WHAT YOU HAVE TO DO
When you repeat the entries, reproduce each line exactly and omit every picture.

Data excerpts:

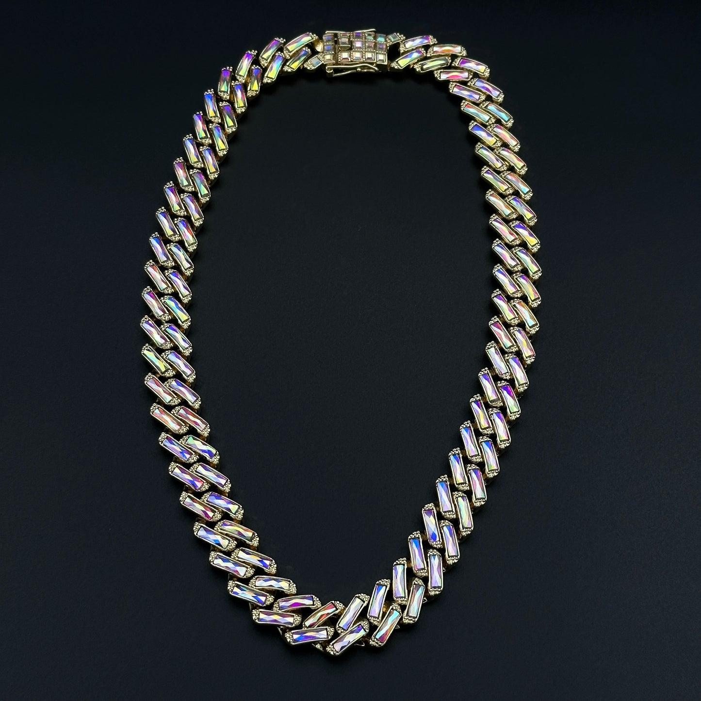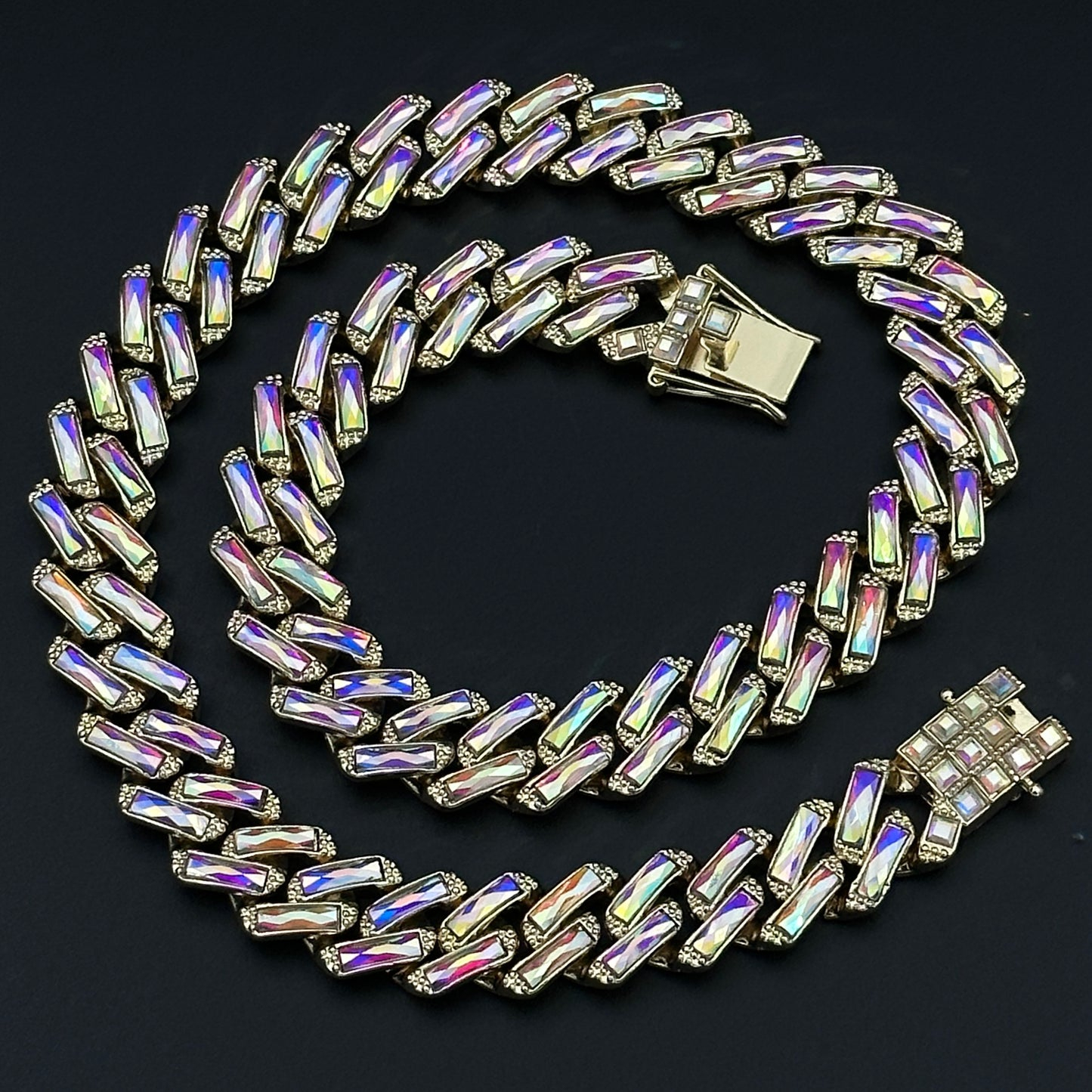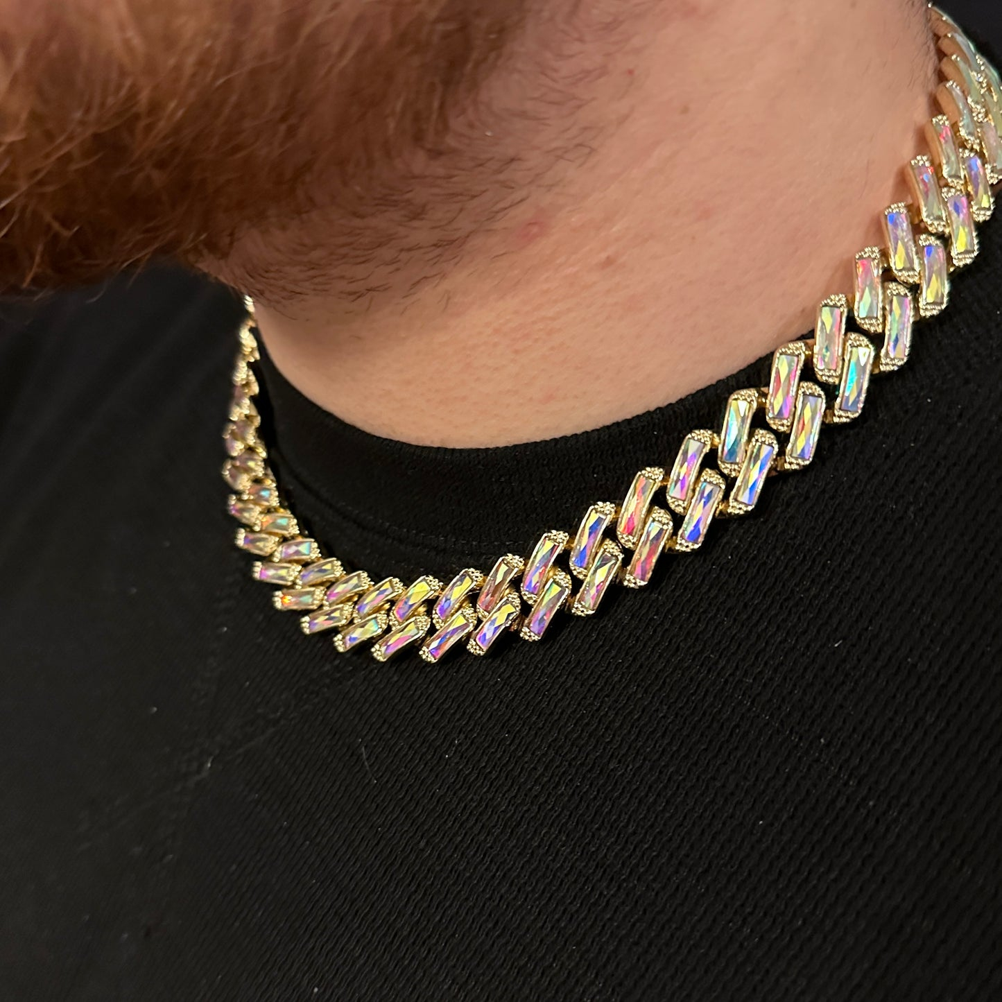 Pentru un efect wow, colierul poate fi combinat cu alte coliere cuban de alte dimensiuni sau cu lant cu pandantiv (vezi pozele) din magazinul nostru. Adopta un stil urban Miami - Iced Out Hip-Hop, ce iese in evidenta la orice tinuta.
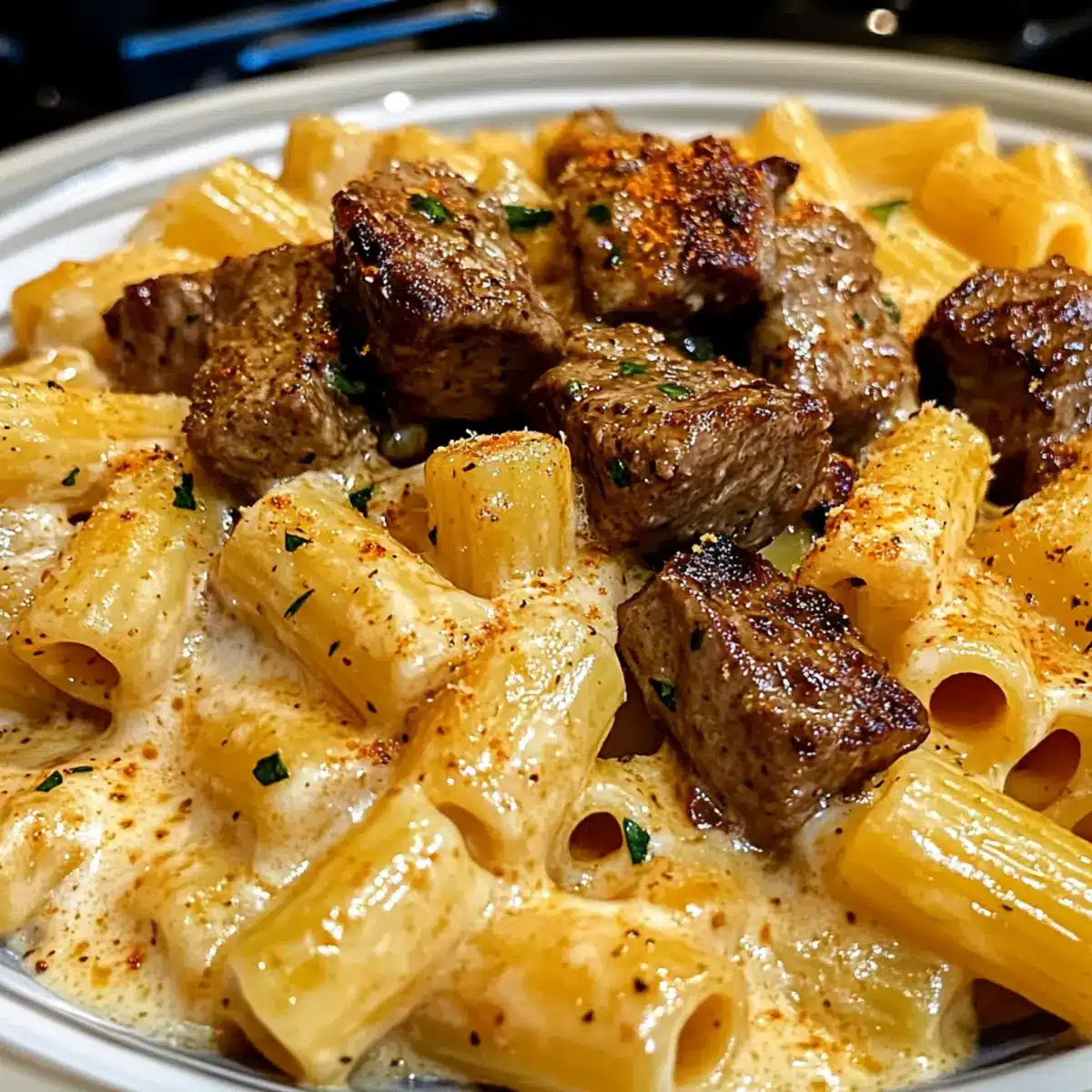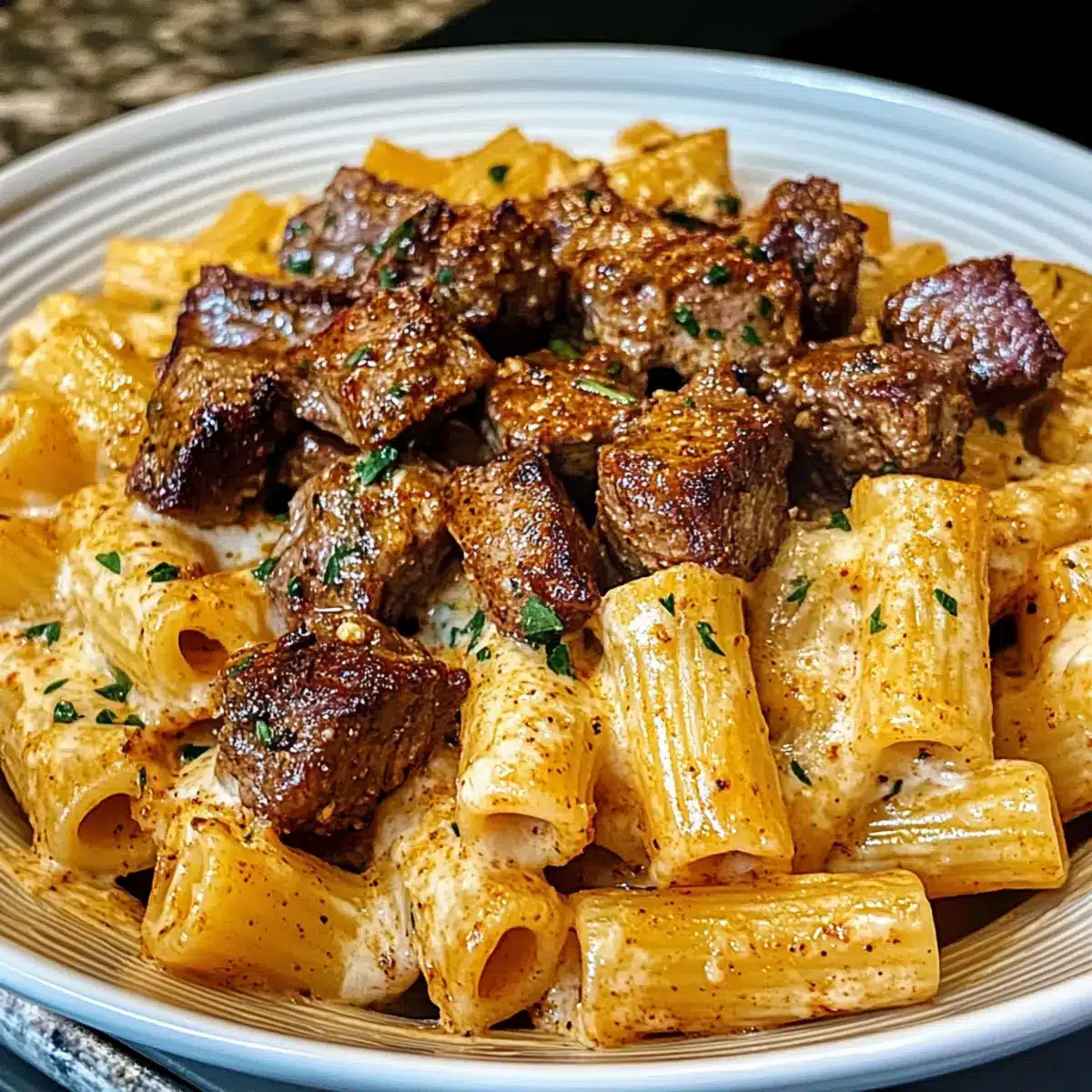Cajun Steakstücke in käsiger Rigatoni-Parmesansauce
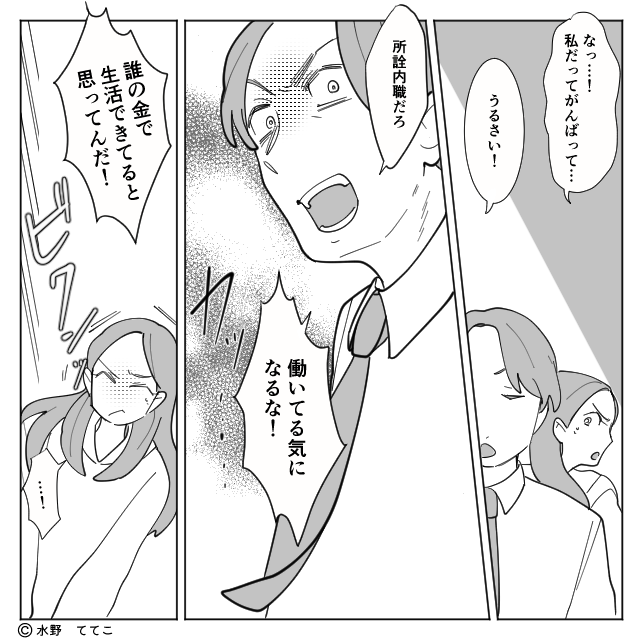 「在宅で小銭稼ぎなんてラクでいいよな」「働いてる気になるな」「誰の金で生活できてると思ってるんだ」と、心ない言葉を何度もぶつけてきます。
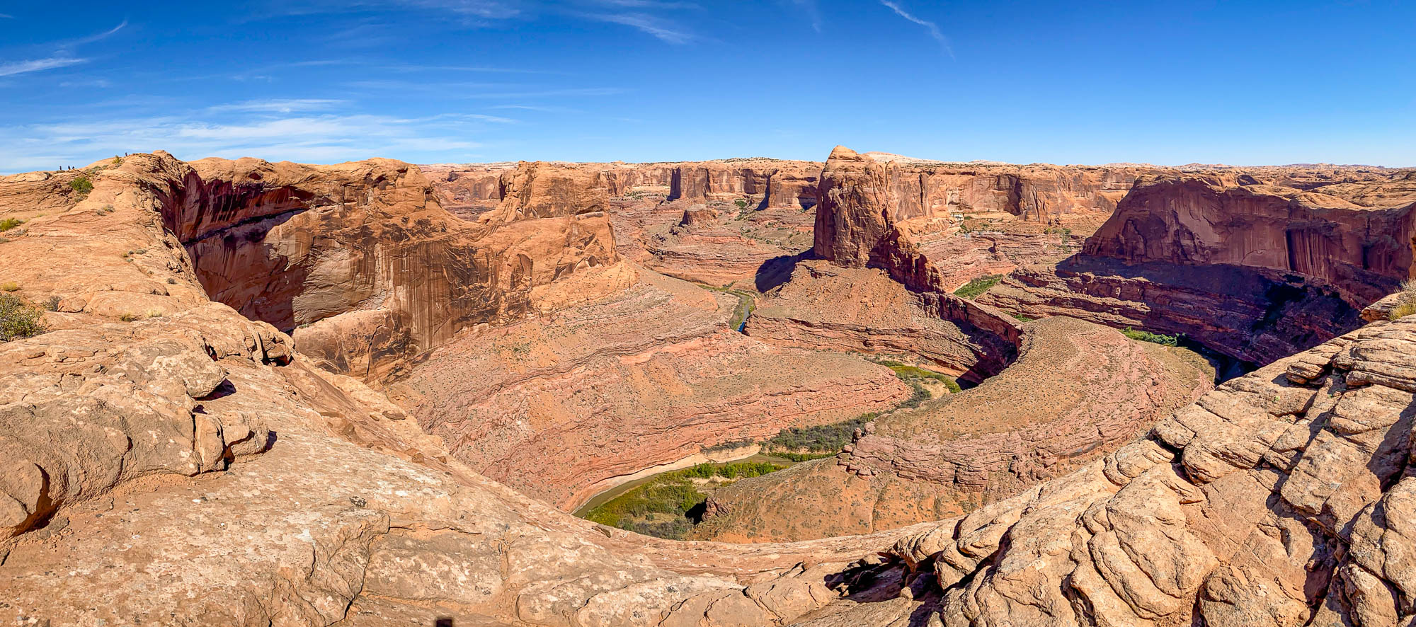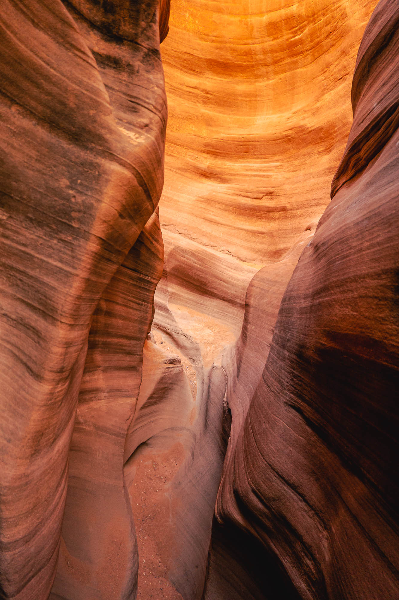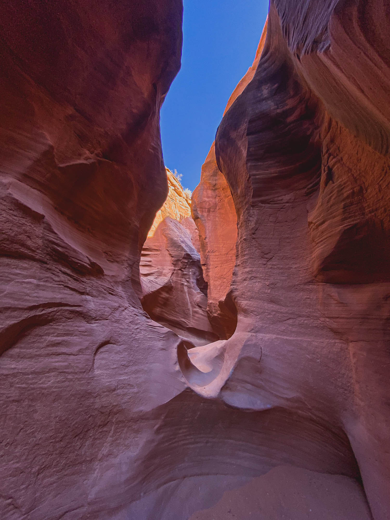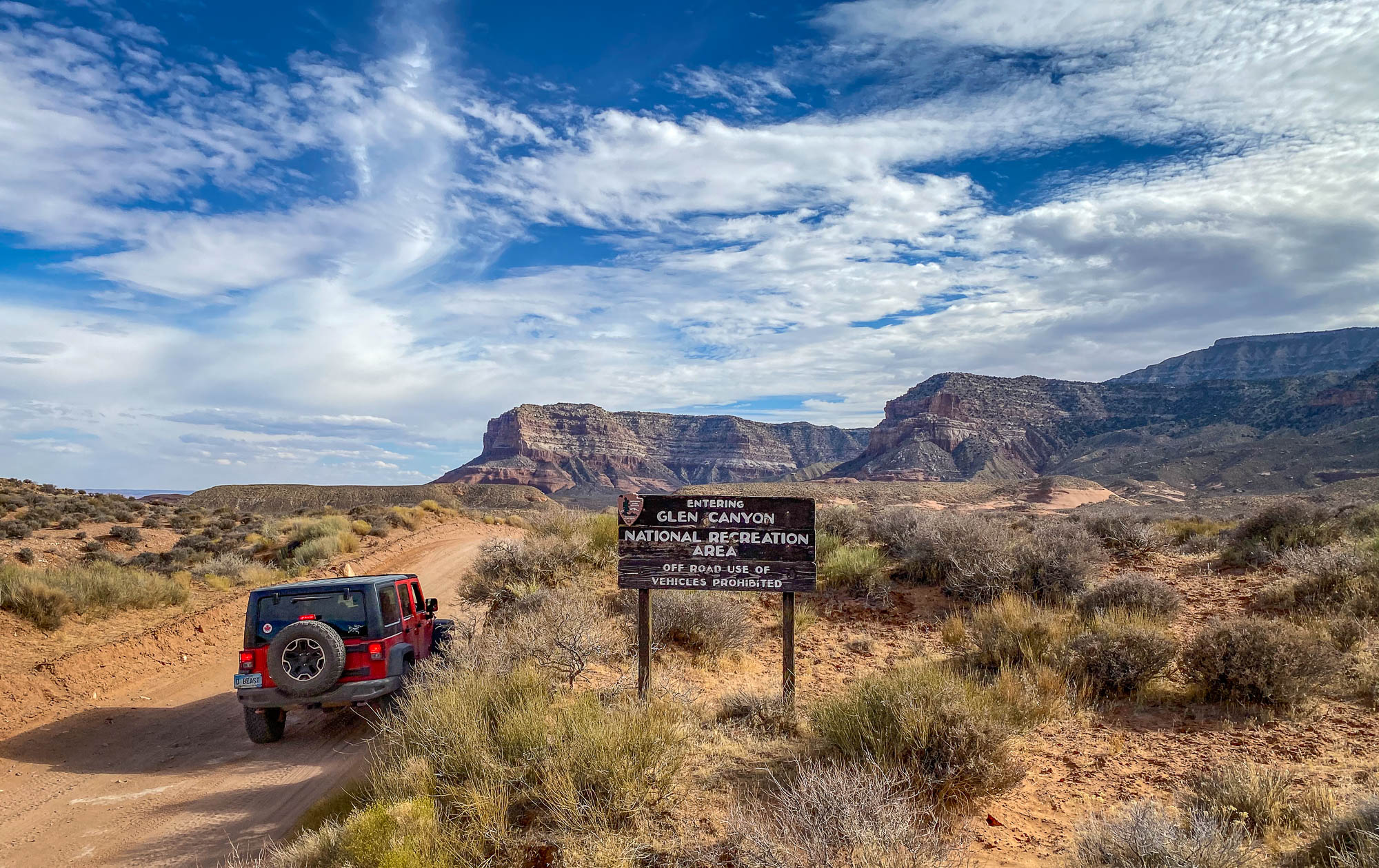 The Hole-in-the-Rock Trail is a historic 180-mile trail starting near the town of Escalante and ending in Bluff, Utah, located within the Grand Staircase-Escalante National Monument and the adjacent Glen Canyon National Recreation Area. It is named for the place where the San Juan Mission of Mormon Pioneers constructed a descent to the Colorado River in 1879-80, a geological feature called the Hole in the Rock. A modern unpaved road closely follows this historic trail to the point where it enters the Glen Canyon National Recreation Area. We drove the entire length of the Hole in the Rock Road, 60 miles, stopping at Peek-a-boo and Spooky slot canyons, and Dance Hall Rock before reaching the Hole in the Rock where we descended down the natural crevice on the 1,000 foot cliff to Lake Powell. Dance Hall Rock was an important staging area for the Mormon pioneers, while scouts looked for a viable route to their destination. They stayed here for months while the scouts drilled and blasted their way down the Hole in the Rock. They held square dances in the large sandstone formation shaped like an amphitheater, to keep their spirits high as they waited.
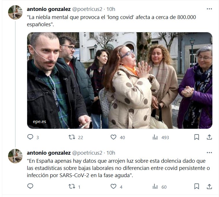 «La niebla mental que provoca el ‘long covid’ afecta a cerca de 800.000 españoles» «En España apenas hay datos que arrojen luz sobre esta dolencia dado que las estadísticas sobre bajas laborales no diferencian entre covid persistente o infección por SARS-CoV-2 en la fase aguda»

ANSWER BELOW
 Pentru un efect wow, colierul poate fi combinat cu alte coliere cuban de alte dimensiuni sau cu lant cu pandantiv (vezi pozele) din magazinul nostru. Adopta un stil urban Miami - Iced Out Hip-Hop, ce iese in evidenta la orice tinuta.
Cajun Steakstücke in käsiger Rigatoni-Parmesansauce
 「在宅で小銭稼ぎなんてラクでいいよな」「働いてる気になるな」「誰の金で生活できてると思ってるんだ」と、心ない言葉を何度もぶつけてきます。
 The Hole-in-the-Rock Trail is a historic 180-mile trail starting near the town of Escalante and ending in Bluff, Utah, located within the Grand Staircase-Escalante National Monument and the adjacent Glen Canyon National Recreation Area. It is named for the place where the San Juan Mission of Mormon Pioneers constructed a descent to the Colorado River in 1879-80, a geological feature called the Hole in the Rock. A modern unpaved road closely follows this historic trail to the point where it enters the Glen Canyon National Recreation Area. We drove the entire length of the Hole in the Rock Road, 60 miles, stopping at Peek-a-boo and Spooky slot canyons, and Dance Hall Rock before reaching the Hole in the Rock where we descended down the natural crevice on the 1,000 foot cliff to Lake Powell. Dance Hall Rock was an important staging area for the Mormon pioneers, while scouts looked for a viable route to their destination. They stayed here for months while the scouts drilled and blasted their way down the Hole in the Rock. They held square dances in the large sandstone formation shaped like an amphitheater, to keep their spirits high as they waited.
 «La niebla mental que provoca el ‘long covid’ afecta a cerca de 800.000 españoles» «En España apenas hay datos que arrojen luz sobre esta dolencia dado que las estadísticas sobre bajas laborales no diferencian entre covid persistente o infección por SARS-CoV-2 en la fase aguda»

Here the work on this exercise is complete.